The British Museum will hold an exhibition featuring antiquities from Egypt found underwater, the first one since 2011 to take place. The Egyptian ambassador in London highlighted the significance of the event, hoping the Mediterranean will be a sea of cooperation.

The exhibition ‘Sunken Cities: Egypt’s Lost Worlds’ will open in May 2016 and will be open to the public for six months, two more months than standard time due to its high cost and expected popularity. It will be the British Museum’s first show focussing on underwater archaeology. Among other well known discoveries visitors will have the opportunity to see recent discoveries from two submerged islands at the mouth of the Nile near Alexandria —Thonis-Heracleion and Canopus, both founded in the seventh century BC.

A version of the exhibition is now available at the Institut du Monde Arabe in Paris at the Osiris: Egypt’s Sunken Mysteries exhibition, open until 31 January.
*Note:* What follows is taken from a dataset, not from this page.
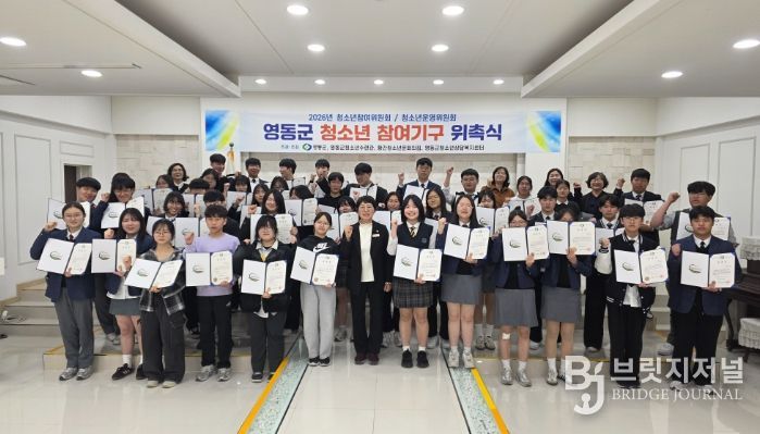 브릿지저널 김경미 기자 | 충북 영동군은 27일 영동군 여성회관 예식장에서 관내 청소년들의 권익 증진과 정책 참여를 이끌 ‘2026년 영동군 청소년 참여기구 위촉식 및 간담회’를 개최했다.

After the British Museum the artefacts will be moved to Museum Rietberg in Zurich (2017). However, although the exhibitions in Paris and Zurich focus mainly on Osiris, the London event will focus on the links between Egypt and Greece.

Aurelia Masson-Berghoff, British Museum curator in the Greece and Rome department who specialises in Egypt, said the “ground-breaking discoveries” had “transformed understanding” of the relationship between ancient Egypt and the Greek world. People sometimes assume that when two cultures mix, the essence of each is diluted and, as a result, weakened; this exhibition demonstrates the opposite.”

Around 300 objects will be exhibited, 200 of which are owned by the Egyptian state. Fifty more items excavated elsewhere will also be lent by the Egyptian ministry of antiquities. Fifty pieces will be from the British Museum collection, mainly from Naukratis, the first Greek settlement in Egypt.

Some of the most impressive items to be exhibited are a 5.4m-tall, 6-tonne  red granite figure of Hapy, a divine personification of the Nile’s flood, or a sculpture of Arsinoe II, the eldest daughter of Ptolemy I, founder of the Ptolemaic dynasty, discovered underwater by French archaeologist Franck Goddio, who also discovered the two sunken cities. The statue of Arsinoe II is without a head, although hope remains that it will be found as the underwater project continues.

The exhibition ‘Sunken Cities: Egypt’s Lost Worlds’ will take place at the British Museum, London, from 19 May to 27 November 2016.